Sure, I had her dad, and a few other close family members, but what I wanted most was friends. My greatest comfort came through the support of countless women in online groups who shared in my circumstances—strangers. They spoke openly with me. They told me it was okay to cry and be angry because I didn't understand why God took my baby. They reassured me that it was okay to grieve the loss of my daughter for as long as I wanted to. They recognized our loss as a true loss. It felt good to speak about Zoe and know that so many people understood me. It felt good to hear others use her name, call her an angel baby, and truly understand how that empty room in our house breaks my heart every day. Deep down, I wished this same level of support was coming from those near and dear to me.
I get it—sometimes it's extremely hard to connect or sympathize with someone who has circumstances that are foreign to you. Even if your sister or mom had a miscarriage, that doesn't bring you close to touching that pain that the woman suffers, as her womb is no longer protecting the delicate being that was soon to be in her arms. It doesn't place you any closer to the man whose heart hurts and yearns to hold his baby in his arms and finally get to understand how mama fell in love. There is something that the common person may not understand, but I believe we come closer to understanding through discussion.
Speaking openly about miscarriage changes things. People learn that those who suffer them have lost children, and are in pain and do need support. When we are silent, I believe that others think we are okay. This is not to say that others will immediately understand, but it's a start to helping them do so. We shouldn't be ashamed to speak about our losses. We also shouldn't have to justify their roles in our lives as real.

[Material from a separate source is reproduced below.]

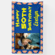 Hang this colourful 50th Birthday Pink Flower Photo Banner to celebrate her special day. Personalise it with her photo, name, and age. This bold floral banner features pink blossoms and a bold blue background with bright yellow text.

Every day, we walk past our daughter's cremated remains. Until we decide to scatter them, this is how we are able to hold her whenever we want to. Many people have cremated their babies. Many have buried them. Those were real babies. They existed and will continue to exist forever in the hearts of those who lost them. Please don't shut them—us— out. Speak to your friends and family who have experienced pregnancy loss. If you can't say anything, at least assure them that you are there. I promise, it makes all the difference.